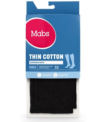 Mabs Cotton Knee er tynde og behagelige bomuldsstrømper med kompression velegnet til hverdagsbrug. Mabs Cotton Knee knæstrømpe øger blodgennemstrømningen, giver lindring til hævede og trætte ben samtidig med de modvirker risikoen for årebrok og blodprop. Strømpen er strikket i et behageligt og bæredygtigt OEKO-tex-certificeret materiale, har kompressionsklasse 1 (15-21 mmHg) og en gradueret kompression, som er størst ved anklen og aftager op mod knæet. Kompressionsstrømpen øger blodgennemstrømningen i benene, så du kan føle dig frisk i benene hele dagen, uanset om du står, går eller sidder meget. For at finde din strømpestørrelse og sikre en optimal pasform er der tre mål, du bør tage højde for (i nedenstående rækkefølge). Tænk på, at du skal måle dig selv om morgenen, inden benene eller fødderne bliver hævede. 1) Omkredsen om anklen på det sted, hvor den er smallest (A). 2) Omkredsen om læggen på det sted, hvor den er bredest (B). 3) Din skostørrelse (C). Bemærkning Må ikke bleges eller stryges.Må ikke anvendes efter udløbsdatoen.Åbn emballagen forsigtigt.Vask kompressionsstrømperne hver dag for at undgå irritation forårsaget af sved.Lad ikke Mabs kompressionsstrømper sidde på om natten, medmindre din læge specifikt har ordineret det. Når du ligger ned, befinder dine ben sig i en neutral position, som lader blodet strømme frit. Gradueret kompression i denne position øger blodcirkulationen, hvilket dog er unødvendigt.Rådfør dig med din læge, hvis du ønsker at bruge Mabs kompressionsstrømper i kombination med medicinsk behandling af en alvorlig tilstand.Ældre, handicappede og gravide kan have brug for hjælp med at tage kompressionsstrømperne på.Mabs kompressionsstrømper må ikke udsættes for kraftigt sollys, da det kan påvirke deres kompressionsevne. ...
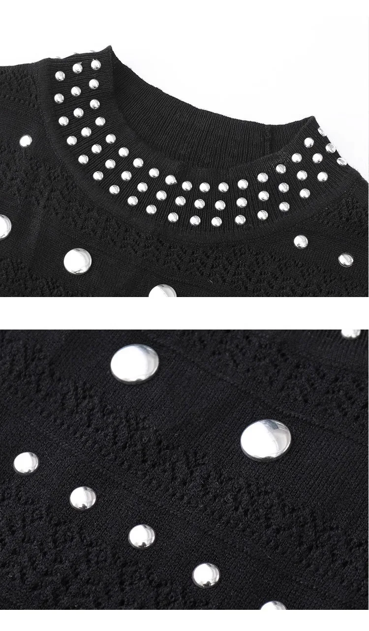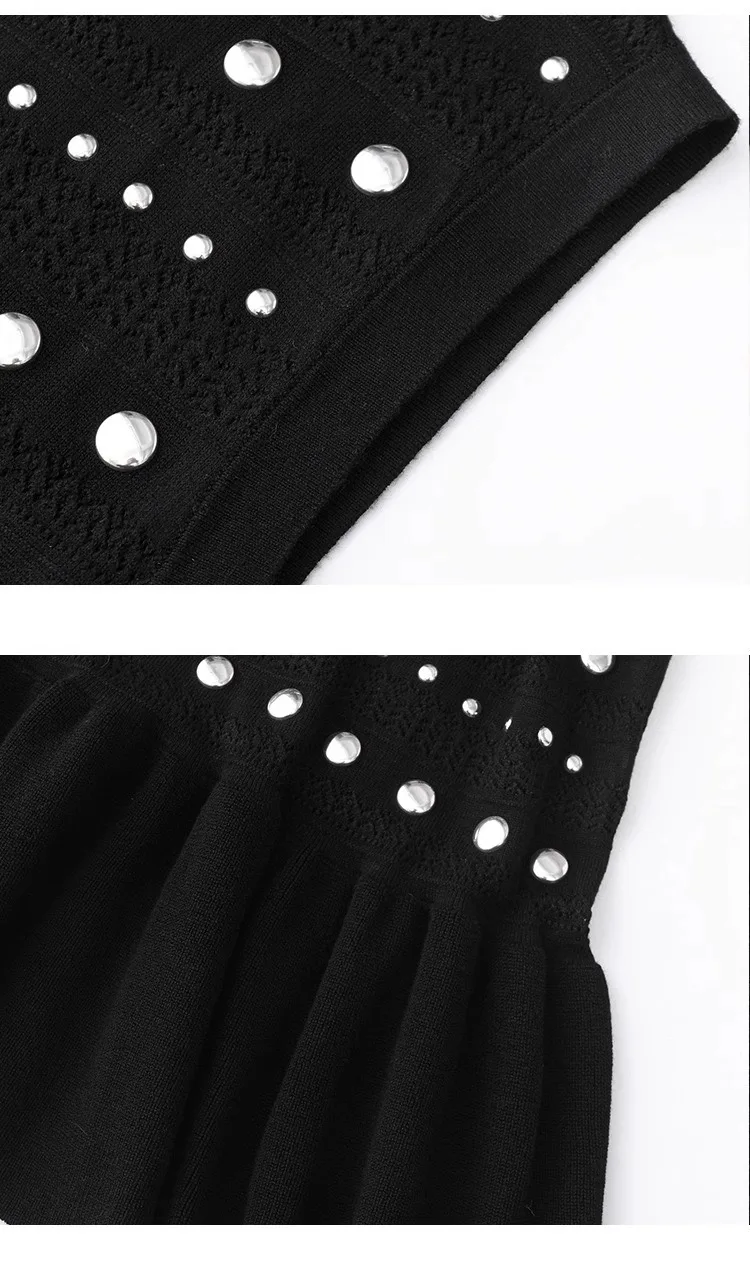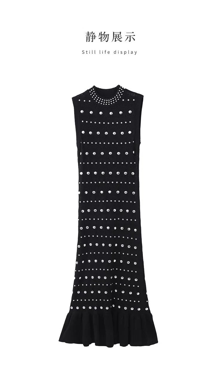 Robe tricotée de style européen et américain pour femme, col rond, perles chaudes, style unique, amincissant, longue, printemps/été
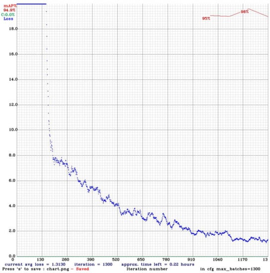 where and are the object’s center coordinates, and w and h are the object’s width and height, respectively, with relation to the picture and name of the object class. YOLT’s input dimension is 416 × 416 × 3 for training, but keep in mind that the image size should not be too huge or the important information will be lost. The dataset is passed through learning algorithms and the weights are saved during batch training. The batch size denotes the number of training samples in a single forward pass. The learning rate is utilized to optimize and minimize the neural network’s loss function, which translates the values of variables onto real numbers while simultaneously displaying the associated cost with those values. For training, we specified a maximum batch size of 5000. Momentum is a technique for increasing training speed and precision. This network was tested on eight object classes on a tensor of 26 × 11. Network consists of 26 × 26 grids. For training, we utilized batch size = 64 and filter = 40.

======

WHAT IS EXPECTED =
The listing must be repeated word for word, and none of its pictures may appear in the copy.

SOLUTION TO THE PROBLEM =
 Mabs Cotton Knee er tynde og behagelige bomuldsstrømper med kompression velegnet til hverdagsbrug. Mabs Cotton Knee knæstrømpe øger blodgennemstrømningen, giver lindring til hævede og trætte ben samtidig med de modvirker risikoen for årebrok og blodprop. Strømpen er strikket i et behageligt og bæredygtigt OEKO-tex-certificeret materiale, har kompressionsklasse 1 (15-21 mmHg) og en gradueret kompression, som er størst ved anklen og aftager op mod knæet. Kompressionsstrømpen øger blodgennemstrømningen i benene, så du kan føle dig frisk i benene hele dagen, uanset om du står, går eller sidder meget. For at finde din strømpestørrelse og sikre en optimal pasform er der tre mål, du bør tage højde for (i nedenstående rækkefølge). Tænk på, at du skal måle dig selv om morgenen, inden benene eller fødderne bliver hævede. 1) Omkredsen om anklen på det sted, hvor den er smallest (A). 2) Omkredsen om læggen på det sted, hvor den er bredest (B). 3) Din skostørrelse (C). Bemærkning Må ikke bleges eller stryges.Må ikke anvendes efter udløbsdatoen.Åbn emballagen forsigtigt.Vask kompressionsstrømperne hver dag for at undgå irritation forårsaget af sved.Lad ikke Mabs kompressionsstrømper sidde på om natten, medmindre din læge specifikt har ordineret det. Når du ligger ned, befinder dine ben sig i en neutral position, som lader blodet strømme frit. Gradueret kompression i denne position øger blodcirkulationen, hvilket dog er unødvendigt.Rådfør dig med din læge, hvis du ønsker at bruge Mabs kompressionsstrømper i kombination med medicinsk behandling af en alvorlig tilstand.Ældre, handicappede og gravide kan have brug for hjælp med at tage kompressionsstrømperne på.Mabs kompressionsstrømper må ikke udsættes for kraftigt sollys, da det kan påvirke deres kompressionsevne. ...
 Robe tricotée de style européen et américain pour femme, col rond, perles chaudes, style unique, amincissant, longue, printemps/été
 where and are the object’s center coordinates, and w and h are the object’s width and height, respectively, with relation to the picture and name of the object class. YOLT’s input dimension is 416 × 416 × 3 for training, but keep in mind that the image size should not be too huge or the important information will be lost. The dataset is passed through learning algorithms and the weights are saved during batch training. The batch size denotes the number of training samples in a single forward pass. The learning rate is utilized to optimize and minimize the neural network’s loss function, which translates the values of variables onto real numbers while simultaneously displaying the associated cost with those values. For training, we specified a maximum batch size of 5000. Momentum is a technique for increasing training speed and precision. This network was tested on eight object classes on a tensor of 26 × 11. Network consists of 26 × 26 grids. For training, we utilized batch size = 64 and filter = 40.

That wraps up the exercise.